Cristián rubbed his chin. Chloe heard the whiskers rasp under his long fingers. “Then you know how to ease through Pascuallita, where all the perimeter guards are around the town? Their rotations? The scheduled staff changes?”
Parris wet her lips. She looked amused and more than a little pissed and was controlling both.
“Once you get past the town, if you move right up to the edge of the active radar range around the base, you’ll be spotted instantly,” Cristián said.
Her eyes narrowed. “Why?”
“Electronic spot surveillance,” he said. He smiled His smile lacked amusement, too. “I’ve been studying them for weeks, Captain Graves. I know their movements and their habits. I know where the holes are.”
Parris scowled. “Fine, you can tell me.”
He shook his head. “I can find the control room location for you.”
“How? By studying them?” Parris replied, her irritation flaring.
“Yes, from watching them,” Chloe blurted, before she realized she would speak. “He can do it. I’ve seen him. Cristián sees patterns—” She felt a soft touch onherwrist and hauled back the rest of her sentence.
Parris’ frown was deep. Her gaze moved from Chloe to Cristián and back. “Okay, fine,” she snapped.
“You’ll need me, too,” Chloe said.
“No. Absolutely not!” Parris said, her voice rising.
Heads turned.
Cristián shook his head. “You must take her,” he told Parris. “Chloe can make you invisible.”
*
CHLOE RETRIEVED HER BACKPACK FROMthe Vistarian who had taken it from her. She made her way back to the tarp covering Cristián’s sleeping spot and ducked beneath it. He sat cross-legged, stuffing a battered backpack with a change of clothes and weather gear. A tall woman with gray-streaked hair pulled back into a loose braid was tying food into hanks of cloth. She wore a washed-out military fatigue shirt that was thin with age.
The woman looked up as Chloe entered. She smiled with the neutral expression of a stranger.
Cristián cleared his throat. “Mamá, this is Chloe Masters, a friend of mine from New York. Chloe, my mother, Isabela Santos y Narvaez.”
“Nice to meet you, Mrs…” Chloe paused. For the first time, she was at a loss. In all their conversations, Cristián had never talked about Vistarian naming practices. His last name was Peña, which had not been among the names he had given his mother, so she couldn’t call her Mrs. Peña, and she couldn’t use “Mrs.” either…
“You had better call me Isabela,” the older woman said, tugging a knot tighter around the dried fruit she had just put inside the rag. She tossed the bundle to Cristián. “You are going on this mad venture, too?”
“Mad?” Chloe iterated, wondering what she meant.
“Cristián is not a soldier,” his mother replied, getting to her feet. She was tall and lean and tanned. She looked sturdy, as if she would outlast a thousand storms. She probably had already. The Peña family had not had a peaceful history. “Yet he insists on behaving like one.”

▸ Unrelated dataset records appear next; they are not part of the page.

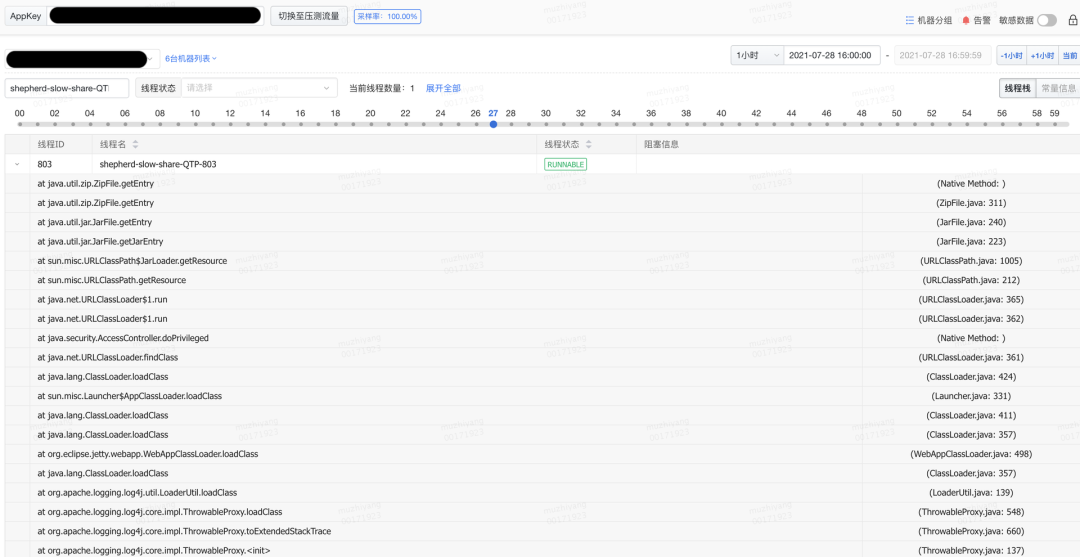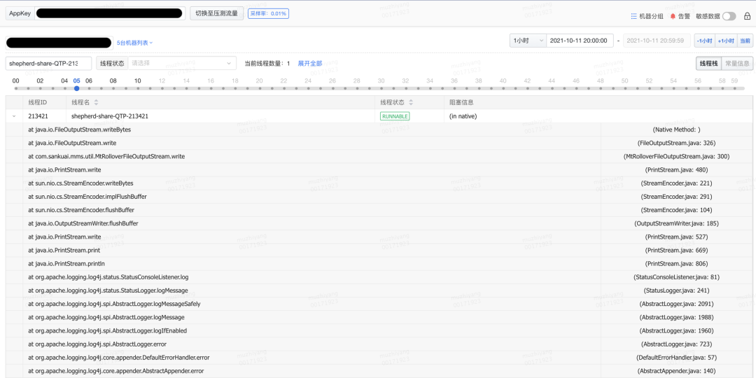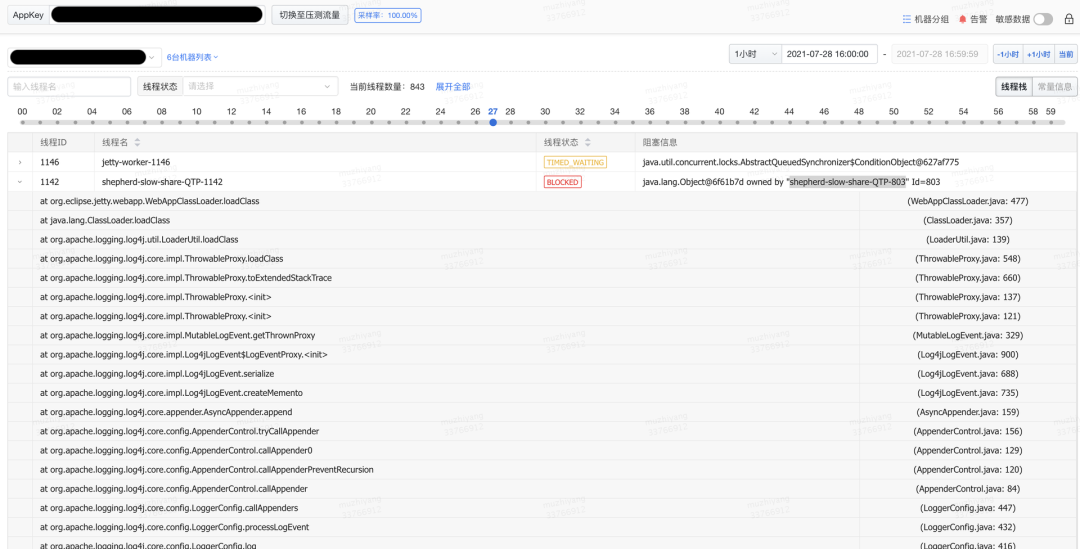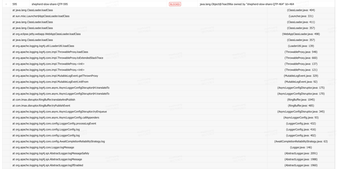 Java HotSpot(TM) 64-Bit Server VM (build 25.45-b02, mixed mode) 日志依赖版本 <dependency> <groupId>org.apache.logging.log4j</groupId> <artifactId>log4j-api</artifactId> <version>2.7</version></dependency><dependency> <groupId>org.apache.logging.log4j</groupId> <artifactId>log4j-core</artifactId> <version>2.7</version></dependency><dependency> <groupId>org.apache.logging.log4j</groupId> <artifactId>log4j-slf4j-impl</artifactId> <version>2.7</version></dependency> 日志配置文件 <?xml version="1.0" encoding="UTF-8"?><configuration status="warn"> <appenders> <Console name="Console" target="SYSTEM_OUT" follow="true"> <PatternLayout pattern="%d{yyyy/MM/dd HH:mm:ss.SSS} %t [%p] %c{1} (%F:%L) %msg%n" /> </Console> <XMDFile name="ShepherdLog" fileName="shepherd.log"/> <!--XMDFile异步磁盘日志配置示例--> <!--默认按天&按512M文件大小切分日志,默认最多保留30个日志文件。--> <!--注意:fileName前会自动增加文件路径,只配置文件名即可--> <XMDFile name="LocalServiceLog" fileName="request.log"/> <Scribe name="LogCenterSync"> <!-- 在指定日志名方面,scribeCategory 和 appkey 两者至少存在一种,且 scribeCategory 高于 appkey。--> <!-- <Property name="scribeCategory">data_update_test_lc</Property> --> <LcLayout/> </Scribe> <Async name="LogCenterAsync" blocking="false"> <AppenderRef ref="LogCenterSync"/> </Async> </appenders> <loggers> <AsyncLogger name="com.sankuai.shepherd" level="info" additivity="false"> <AppenderRef ref="ShepherdLog" level="warn"/> <AppenderRef ref="LogCenterAsync" level="info"/> </AsyncLogger> <root level="info"> <!--Console日志是同步、阻塞的,推荐只在本地调试时使用,线上将该配置去掉--> <!--appender-ref ref="Console" /--> <appender-ref ref="LocalServiceLog"/> <appender-ref ref="LogCenterAsync"/> </root> </loggers></configuration>本章节主要记录项目过去一段时间,我们所遇到的一系列日志导致的线程Block问题,并逐个深入分析问题根因。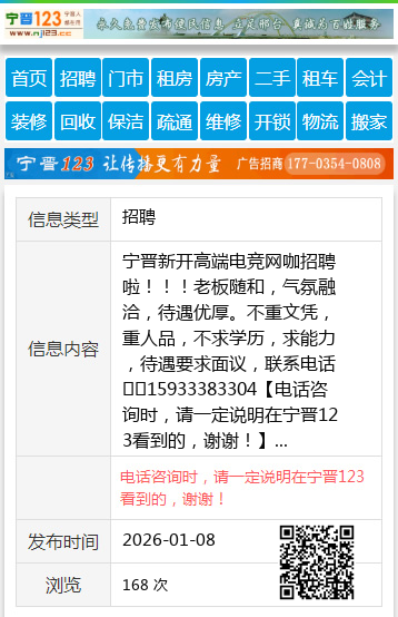 宁晋新开高端电竞网咖招聘啦!!!老板随和,气氛融洽,待遇优厚。不重文凭,重人品,不求学历,求能力,待遇要求面议,联系电话☎️15933383304 【电话咨询时,请一定说明在宁晋123看到的,谢谢!】 |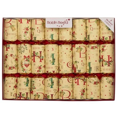 Robin Reed English Holiday Christmas Crackers – Holiday Time Pattern, Set of 8, 10" Each, Ages 13+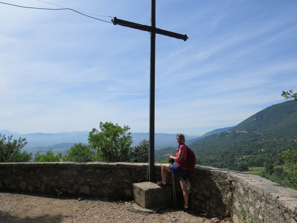 auf einer Anhöhe blicken wir zurück, und erspähen im Wald Greccio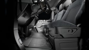 Designerii Ford au mers atât de departe atunci când au luat în considerare modul în care proprietarii ar folosi E-Transit Custom, încât chiar și granulele de la materialele utilizate în cabină și zona de încărcare sunt concepute pentru a utiliza texturi care evită captarea murdăriei și a apei, oferind cel mai bun echilibru între oferirea unei baze solide pentru cizme umede sau noroioase și permițând introducerea și scoaterea cu ușurință a articolelor grele.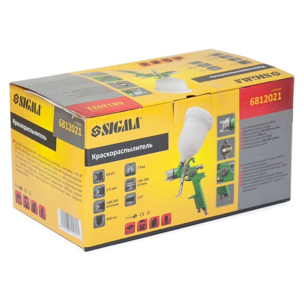Професійний Фарборозпилювач Ø1.4 з в/б (зелений) SIGMA (6812021) системи HVLP (великий обсяг, низький тиск) з верхньою подачею фарби. Дуже добре підходить для застосування в автомалярних майстерень, СТО, в меблевому виробництві, в будівництві і в інших галузях.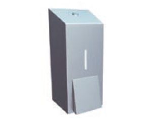 Dozownik do mydła w płynie lub płynu dezynfekcyjnego. Cechy: – mydło lub płyny uzupełniane z kanistra; – zabezpieczony trwałym stalowym zamkiem; bębenkowym; – zamek zlicowany z powierzchnią urządzenia; – łączenia boków spawane i szlifowane; – niewidoczne zawiasy.
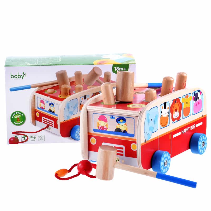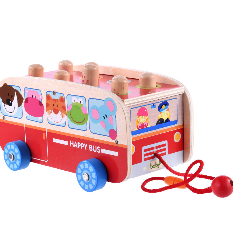 Children's toy wooden toy hit the ground rat Knocks the Leg dragging trolley for 6-12 months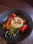 котлета из мраморной говядины, слайс томата, лист салата, маринованный огурец, красный лук, соус коктейльный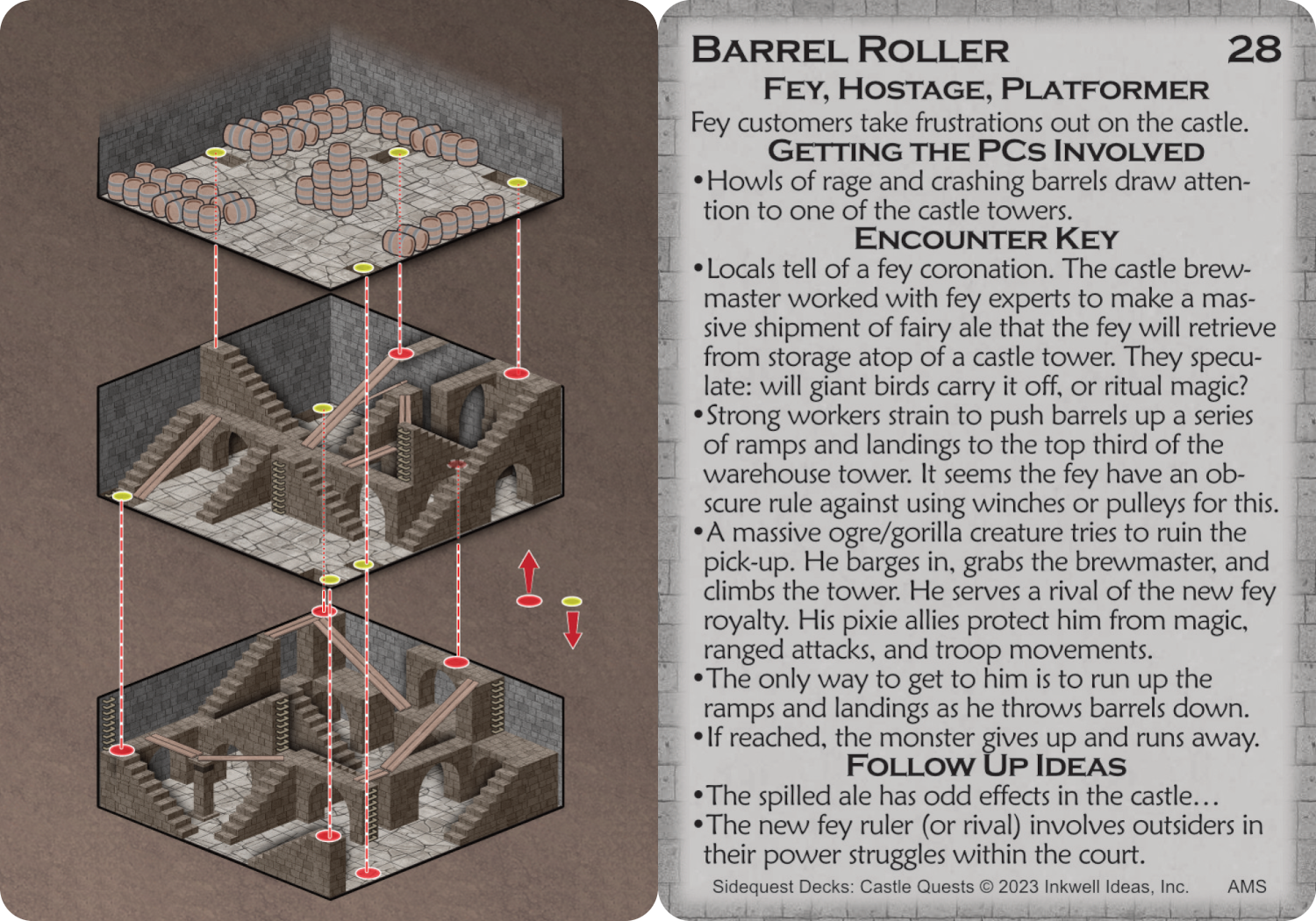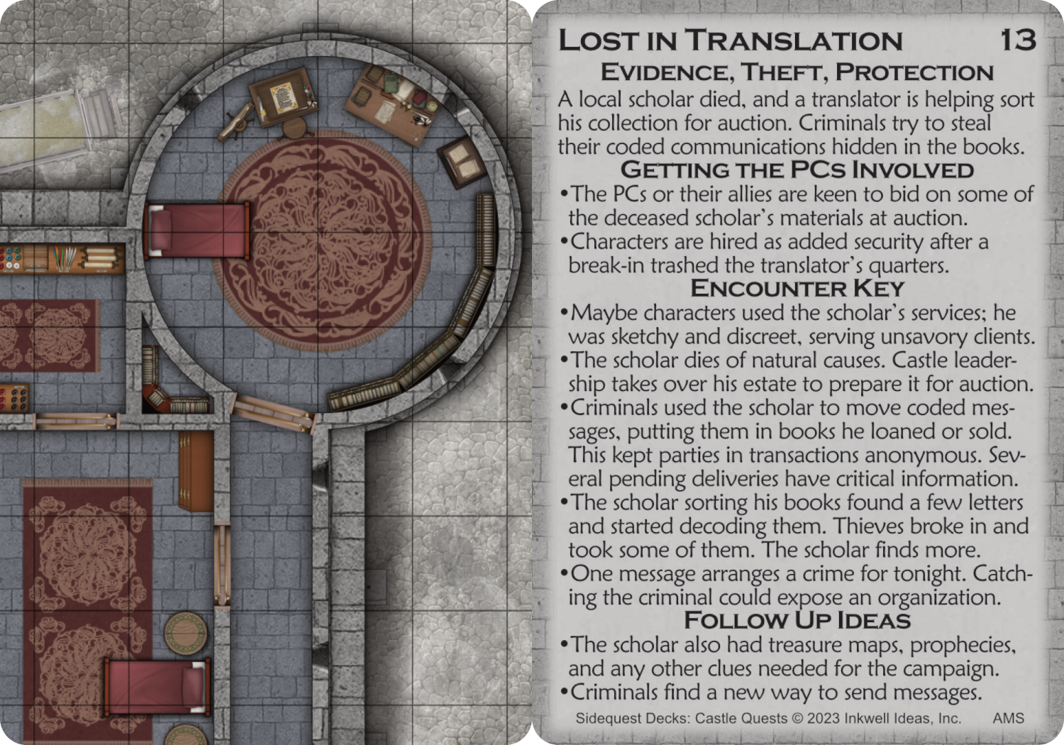 The mini-adventures are short and flexible, so you can adjust them to fit your players, your setting, and your rule set! Three bonus cards provide a castle description generator, special features list, castle name generator, and secrets generator.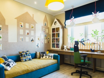 Es ist angemessener, in Bezug auf den Teenagerraum über Stil zu sprechen, weil es für das Kinderzimmer besser ist, sich um die Sicherheit, die Helligkeit und die absolute Übereinstimmung mit den Wünschen des Kindes zu kümmern. In der Pubertät versuchen Kinder, sich auszudrücken, indem sie einen Stil wählen, der ihre innere Welt vollständig widerspiegelt.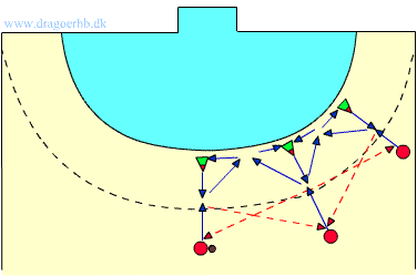 Les trois attaquants s’engagent en piston contre la défense et passent la balle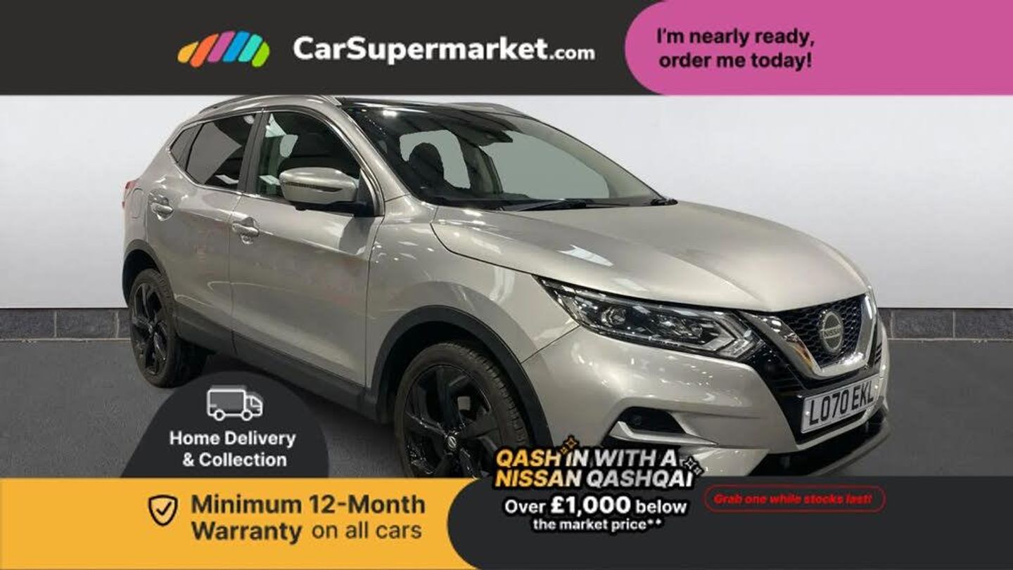 Android Auto, Apple CarPlay, Bluetooth, Cruise Control, Parking Sensors, Lane Departure Warning, Sat Nav, Traffic Sign Recognition, Digital Radio, Privacy Glass;The Nissan Qashqai 1.3 DiG-T 160 N-Motion DCT finished in Silver offers automatic convenience with high-end styling. It features 19-inch black alloy wheels, full leather interior and heated seats, along with dual-zone climate control for enhanced comfort. A panoramic glass roof adds to the premium feel, while satellite navigation, Apple CarPlay, Android Auto and Bluetooth ensure connectivity. Parking sensors and a reversing camera provide easy manoeuvring.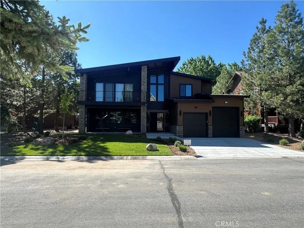 DISCOVER THE ULTIMATE RETREAT IN THIS BRAND NEW RUSTIC CONTEMPORARY HOME, COMPLETE WITH MODERN AMENITIES, SITUATED IN THE EXCLUSIVE GATED COMMUNITY OF EAGLES KNOLL ~ Conveniently located to all that Big Bear has to offer, this home is across the street from the lake and the community offers a private marina, common tennis court, and community park ~ Quality construction and well-designed open floor plan w/ loads of upgrades including air conditioning & smart home controls ~ The upscale kitchen is a chef's delight, equipped w/ high end Decor appliances (fridge, stove, dishwasher, range, microwave & wine dispenser) & a spacious center island for entertaining ~ The adjacent dining area creates a perfect setting for intimate meals ~ Step outside through the large folding doors, allowing the crisp mountain air to flow throughout the home, bringing the outdoors in, hosting gatherings, & enjoying the built-in bbq w/ friends & family ~ The expansive living room features tall ceilings & a gas fireplace, creating a cozy yet spacious ambiance ~ The large game room upstairs, complete w/ a bar & massive sliding glass door, provides an additional space for entertainment & relaxation ~ Fire sprinklers included for added safety & energy-saving solar panels (leased) ~ Level entry oversized 2-car garage, featuring electrical wiring for EV charging, tall ceilings, & a garage door suitable for boat storage ~ Come view this beautiful home!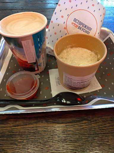 Что плохо? Котлетки с рисом кисловаты. В брауни почему яблочный джем или нечто похожее на него. Заказ не собирается воедино, а выдаётся частями. Девочка на кассе говорит, что "американо готов" И ты ещё пойми, что это именно твой американо, например. Можно бы было просто формировать и подавать заказ на подносе "разом".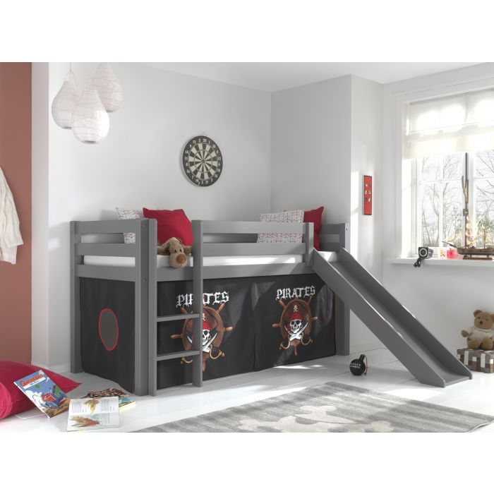 Deze PINO hoogslaper is vervaardigd van massief grenen en is grijs gelakt. Kinderen zijn dol op de glijbaan en ladder die zowel links als rechts gemonteerd kunnen worden. De lattenbodem is inbegrepen. De allround valbeveiliging, brede treden en goede stabiliteit maken dit bed heel veilig. De ruimte onder het bed kan gebruikt worden om te spelen of als opbergruimte. In het PINO gamma zijn verschillende mogelijkheden beschikbaar om dit bed aan te vullen met een bureau, bibliotheek, commodes, hangplankje of leuke textielset. Bij deze combinatie is een speelgordijn Pirates inbegrepen.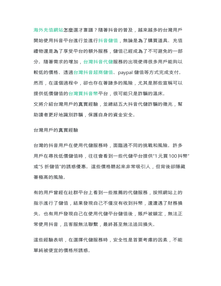 海外充值網站怎麼選才靠譜?隨著抖音的普及,越來越多的台灣用戶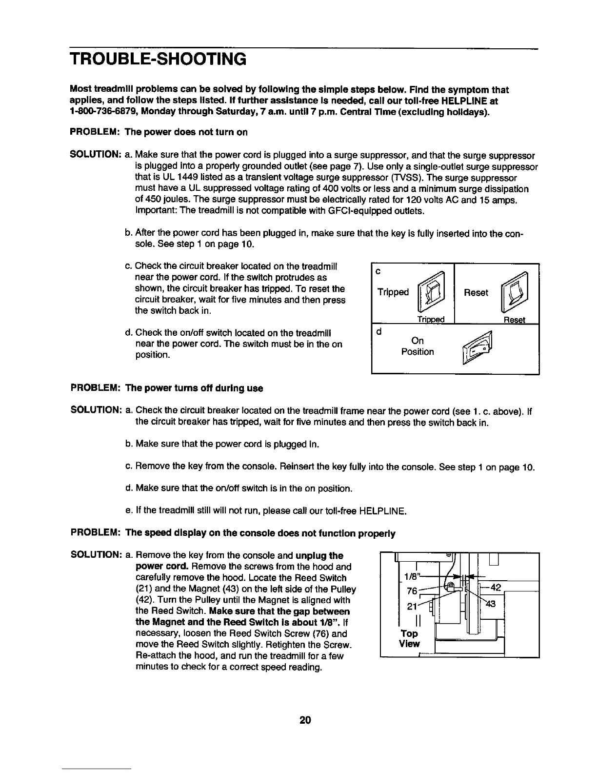 SOLUTION: a. Check the circuitbreaker located on the treadmillframe near the power cord (see 1. c. above). If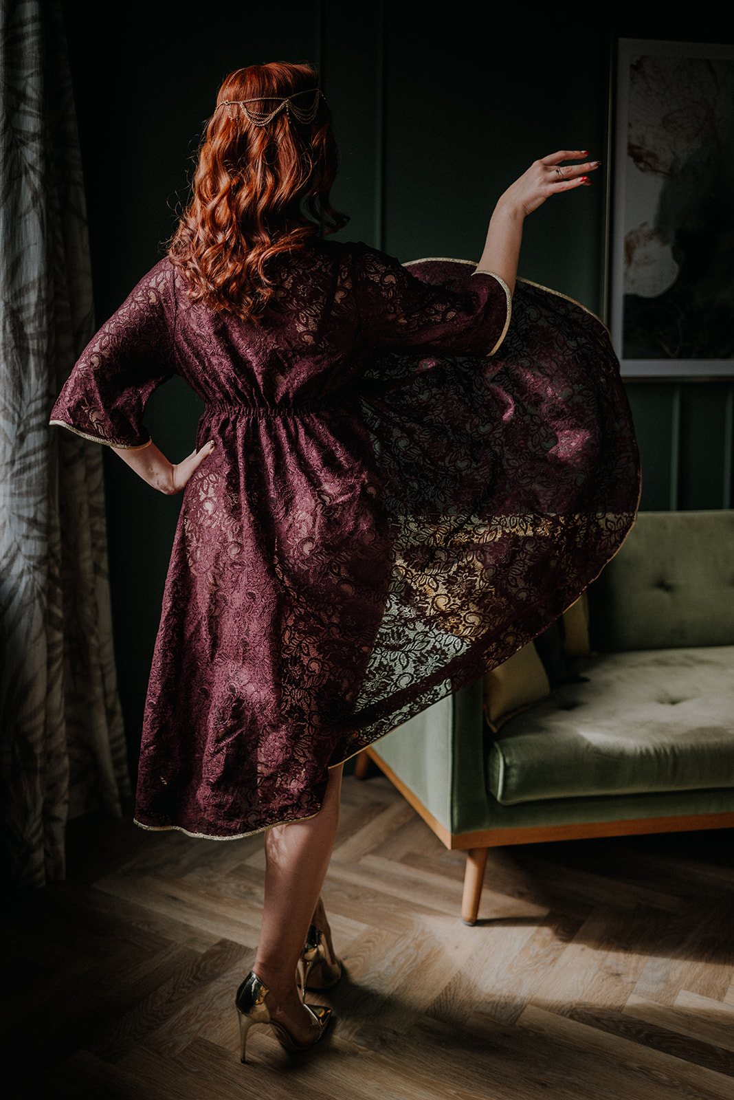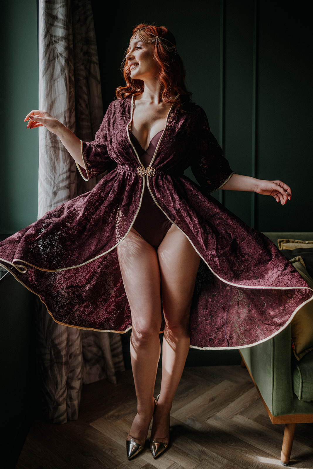 Oryginalny koronkowy peniuar z dekoracyjnym zapięciem to idealne rozwiązanie na leniwe poranki czy intymne wieczory. Wykonany jest w całości ze zjawiskowo miękkiej koronki w kolorze ciemnego fioletu. Złota taśma wykańcza brzegi dodając szyku i elegancji. Ozdobne zapięcie w formie dekoracyjnej broszki uzupełnia całość, a krój z koła lekko układa się na ciele podkreślając kobiecą sylwetkę. Dzięki klasycznemu krojowi peniuar wysmukla optycznie talię i nadaje sylwetce lekkości.
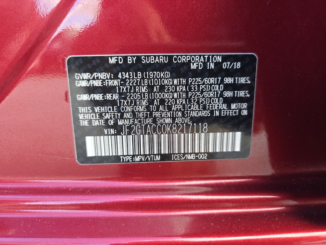 - Vin #: JF2GTACC0K8217118

“They need me, Mamá,” Cristián said, his tone mild. He pushed a laptop into his backpack.
The laptop reminded Chloe of hers, sitting in the padded pocket of her backpack. “I’ll need to recharge my laptop before we get to the base,” she told him. “My phone, too.”
Cristián zipped the backpack closed, unfolded his legs and got to his feet. “I’ve got it covered. That’s why we will swing through Pascuallita. Pia left all her gadgets behind at the house. One of them is a solar recharger which clings to your backpack and recharges devices as you go. There are a couple other things we might need which I want to pick up, too.”
“It is insane, heading back there,” Isabela added, her hands about each elbow. Worry leached from her.
Cristián kissed her forehead. “We’ll be fine. We’re with US Army Rangers.”
“The Insurrectos don’t shoot civilians on sight,” Isabela replied, her voice tight. “They’ll shoot the Army Rangers you’re standing beside, though!”
“Does Captain Graves know why you’re taking us back through Pascuallita instead of straight down this mountain and around to the south side of the base?” Chloe asked Cristián.
He smiled. It was a cold expression, the wise expression of a much older man. “Are you planning on telling her?”